Further, a power sub key 4 is provided on the upper portion of the main body 10, and the image forming apparatus can be shifted to the energy saving mode by operating the power sub key 4, and the power sub key 4 is operated in the energy saving mode. By doing so, it is possible to return to the normal mode.

A door including a front door (front cover) 5 and a toner cover 8 is provided on the front side of the main body 10 so as to be openable and closable, and the front door 5 and the toner cover 8 are opened when maintenance or parts replacement is performed. It can be in a state.
The front door 5 is composed of two covers, a left door (left door) and a right door (right door), and a switch that is turned on / off in conjunction with the opening and closing of the left door and the right door is shown in the figure.

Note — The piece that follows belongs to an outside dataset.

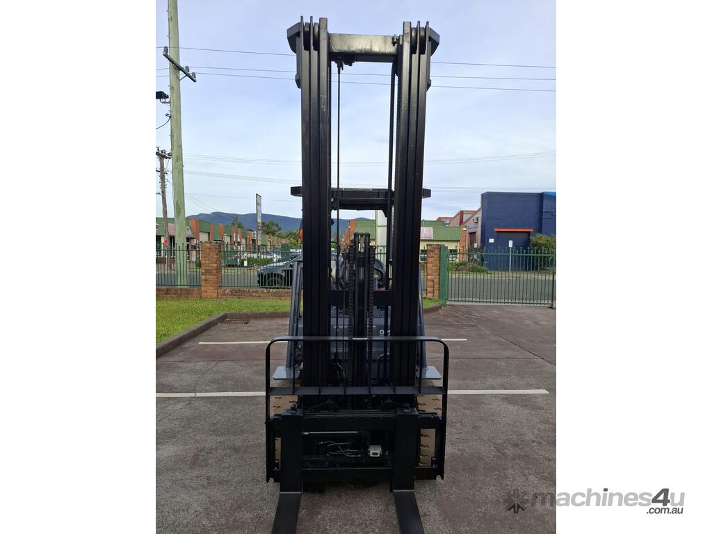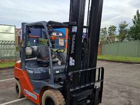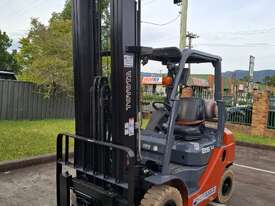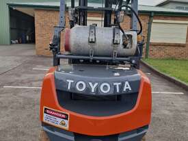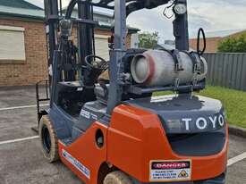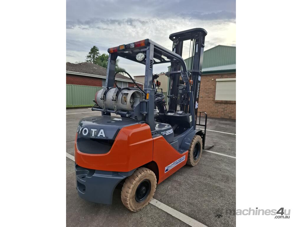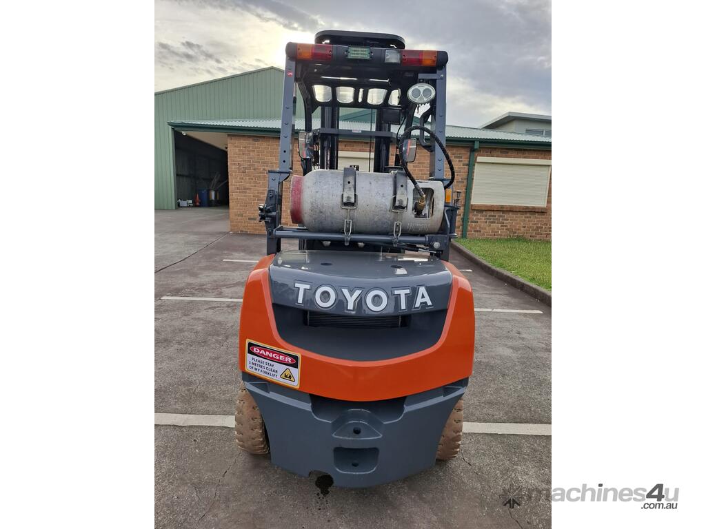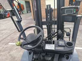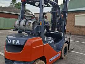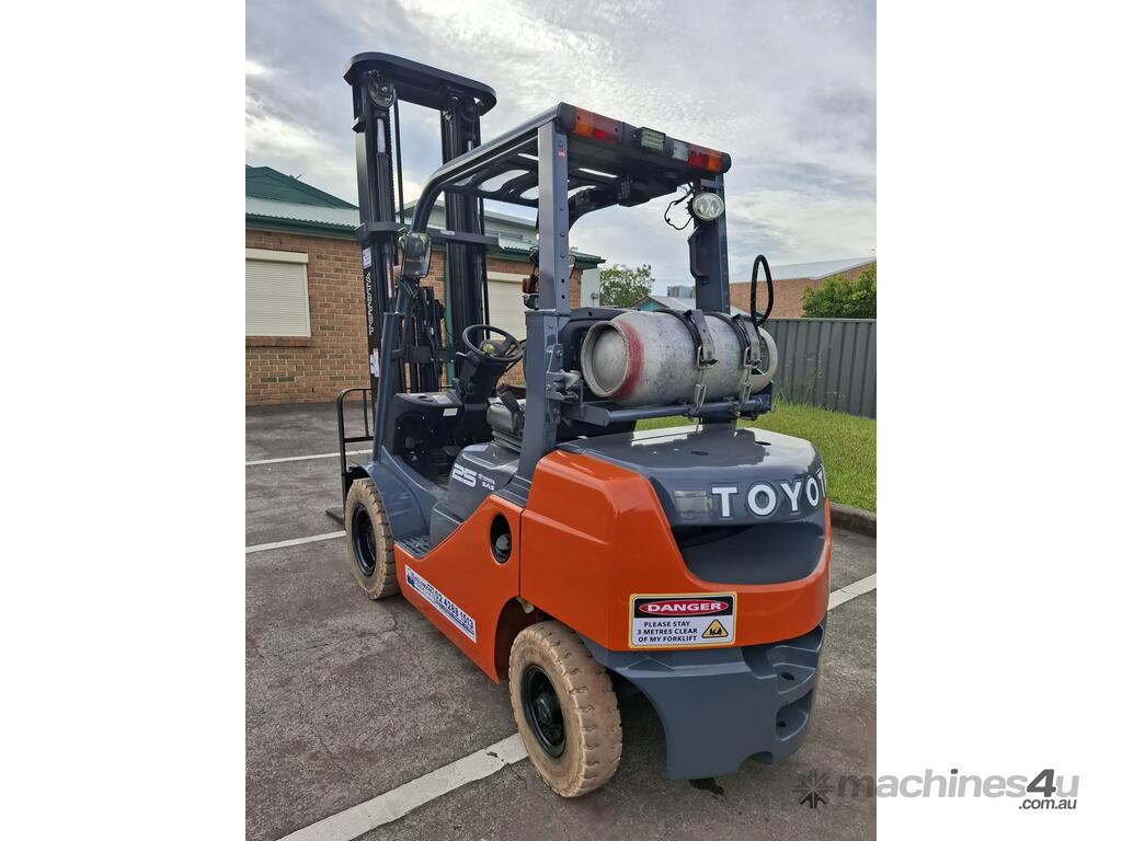 2018 Toyota 8FG25, 2.5 Tonne LPG with a 3-stage standard mast with desirable lifting capacity of 6.5m. Fitted with side shift, in-build digital scale and good non-marking solid tyres.

Although one is provided inside each of the left door and the right door.
The main body 10 is provided with a paper feed tray 6, and the image forming apparatus forms an image on a recording medium including paper and an OHP sheet stored in the paper feed tray 6.

FIG. 1 is a block diagram showing a configuration of a main part according to the present invention including a control unit of the image forming apparatus shown in FIG.
The power supply device 20 includes a 5VDC power supply circuit 21 that supplies a current of 5V voltage to the control unit 51 and the relay unit 40 of the control device 50, and a 24VDC power supply that supplies a current of 24V voltage to the load unit 52 via the relay unit 40. The circuit 22 comprises a plurality of direct current (DC) power supplies.
As described above, power supply to the control unit 51 and the relay unit 40 and power supply to the load unit 52 are performed by different DC power supply circuits.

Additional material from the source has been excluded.